- Location of the stabbing within Greater London
- Location: 51°29′14″N 0°03′24″W﻿ / ﻿51.4873°N 0.0568°W Bermondsey, London, Greater London, England
- Date: 25 April 2022
- Attack type: Mass stabbing
- Deaths: 4
- Injured: 0
- Perpetrator: Joshua Jacques

= 2022 Bermondsey stabbing =

2022 mass stabbing in England

On 25 April 2022, four people were stabbed to death in Bermondsey, London, United Kingdom.

In the early hours of 25 April, neighbours heard screams from a three-bedroomed terraced house in Delaford Road, Bermondsey, in south London, England. Police attended at 1:40 am, discovering the bodies of three women and a man inside the house. They were a 64-year-old Jamaican woman, her 58-year-old partner, as well as her 45-year-old daughter, and 28-year-old granddaughter.

Police arrested a 28-year-old man at the scene and said they are not looking for anyone else. On 28 April, the man, Joshua Jacques (born 19 April 1994), was charged with four counts of murder.

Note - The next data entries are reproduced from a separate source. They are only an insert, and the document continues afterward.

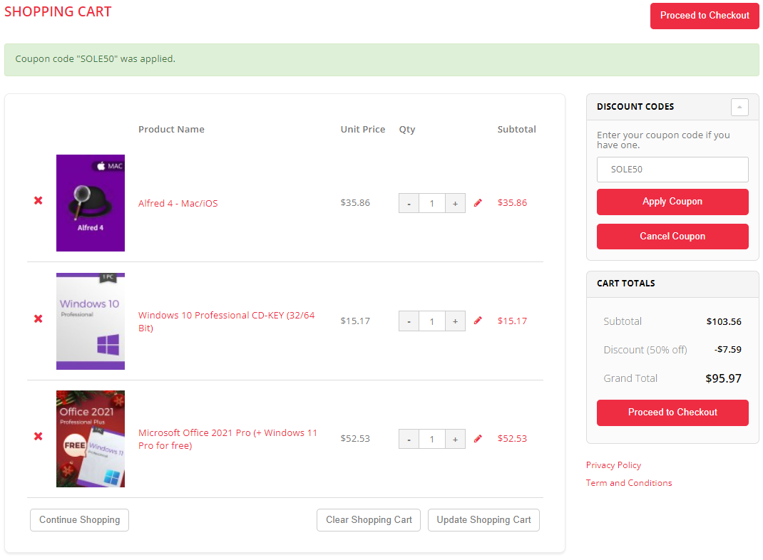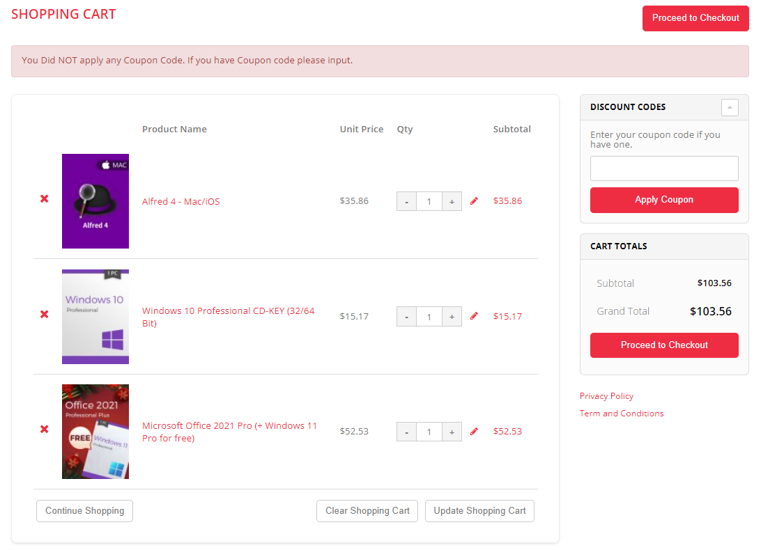 Промокодов для Alfred 4 и MS Office 2021 Professional Plus не предусмотрено. Теперь можно смело нажимать на кнопку Proceed to Checkout и переходить к оформления заказа.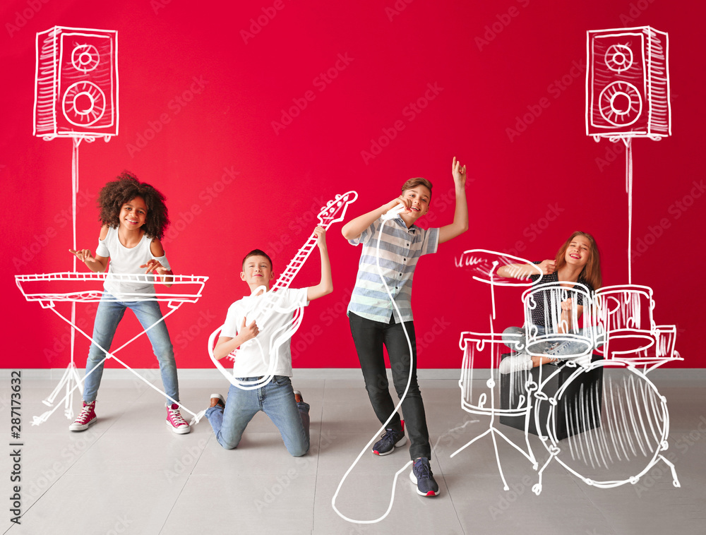 Road in the middle of the forest , trees with red and orange leaves , Beautiful landscape view from flying drone in Nature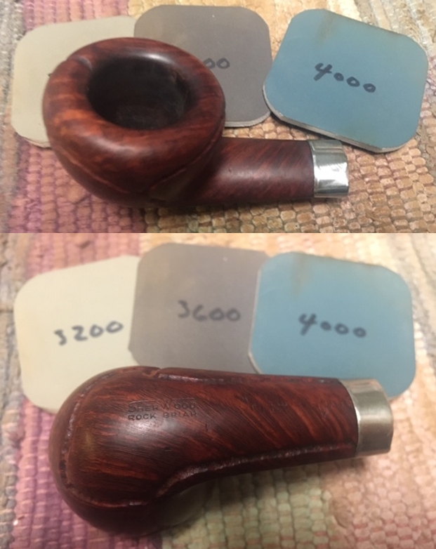 From what I could find there were several things about the pipe on my table that did not add up to what I was seeing in the various photos. I found a picture of the same pipe on Worthpoint (https://www.worthpoint.com/worthopedia/wow-savinelli-sherwood-rock-briar-143136918). It has a long slender tapered stem on the shank and no band. I was pretty certain before I saw this picture that the pipe I was working on had a replacement stem – it was a saddle stem and was poorly fit to the shank. I was also confident that the band was for a cracked shank repair and was not original. It also covered the stamped KS portion of the shape number. I think both were added at the same time to repair a break that happened which cracked the shank and broke the stem. The photos I was seeing confirmed my suspicions about the pipe in hand.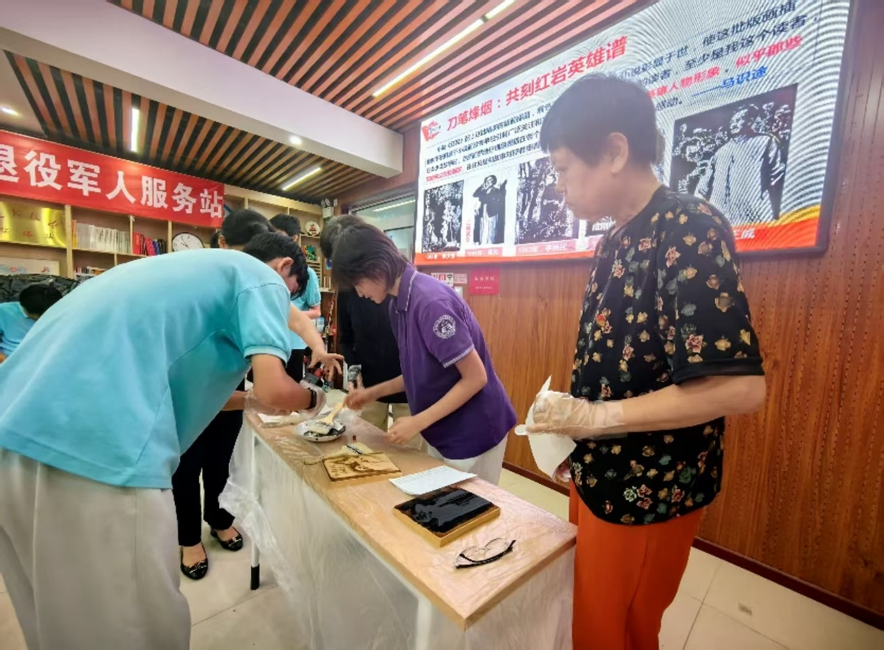 活动还引入非遗技艺,在“版画拓印互动体验”中,队员与老党员共同拓印《红岩》主题版画,革命记忆在指尖流转。队员们与老党员合唱《没有共产党就没有新中国》,激昂旋律汇聚成跨越代际的磅礴力量。最后,社区党委颁发荣誉证书,鲜红色的证书与铿锵歌声共同定格珍贵瞬间,为活动画下圆满句号。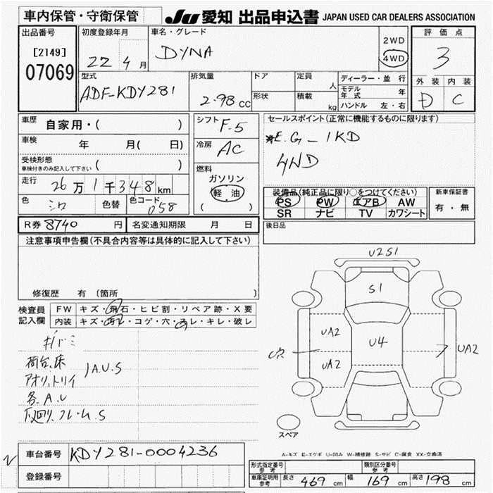 Статус выставлен на аукцион Лот 7069 Аукцион JU Aichi Дата аукциона 12.03.2026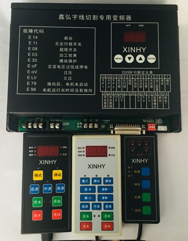 三個導電塊時的接法 兩個導電塊時的接法 遇到問題時的解決: 1. 開絲筒后,剛開始轉得很快,越轉越慢,后來就停了,數碼管左上角的HFP燈仍然亮,關機后HFP燈滅。 解決方法:YK型變頻器增加了“自動省電”功能,變頻器開高頻后會自動降低輸出到絲筒電機的電壓,如果“自動省電百分比”調得太大,絲筒阻力又比較大,就會出現這種情況。應將“自動省電百分比”調小一些,同時將“低頻力矩提升”調大些。 如果絲筒阻力過大,應先檢修,或將“自動省電百分比”調為0,不使用“自動省電”功能。 2. 剛安裝的帶手控盒且有撥碼開關的變頻器,若是遇到上電不能開運絲和水泵,且沒有故障代碼顯示,數碼管上顯示“段速”和“頻率值”,解決方法是檢查變頻器撥碼開關上“四鍵”和“點動”的狀態,若是D25針上腳④關水、⑤開水、⑥關絲、⑦開絲沒有任何接線,將其撥到點動狀態,問題即可解決;若是帶手控盒的變頻器外接開水、關水、開絲、關絲按鍵控制,此時撥碼開關上按鍵控制一定要與外接按鍵控制相一致。 軟硬件設計,生產:洛陽市洛龍區鑫弘宇電子設備廠 地址:河南省洛陽市洛龍區聶潘路62號(潘寨段) 電話/傳真:0379-65829091 聯系人:何晴波 手機:13837973389 QQ:602366770 網址:www.xqgbpq.com 郵政編碼:471000 阿里旺旺:xiaotao536 版本:180902

On 1 March 2024, Jacques was found guilty of four counts of murder at the Old Bailey. He was sentenced to life in prison, with a minimum term of 46 years. Mr Justice Bryan described the attack as a "horrific catalogue of murders", and mentioned Jacques' increasing use of skunk cannabis leading up to the murders.

On 7 March 2024, HM Inspectorate of Probation released a report detailing a series of failings in the handling of Jacques by the Probation Service, given that he was on probation following a 51 month drugs-related custodial sentence at the time of the murders.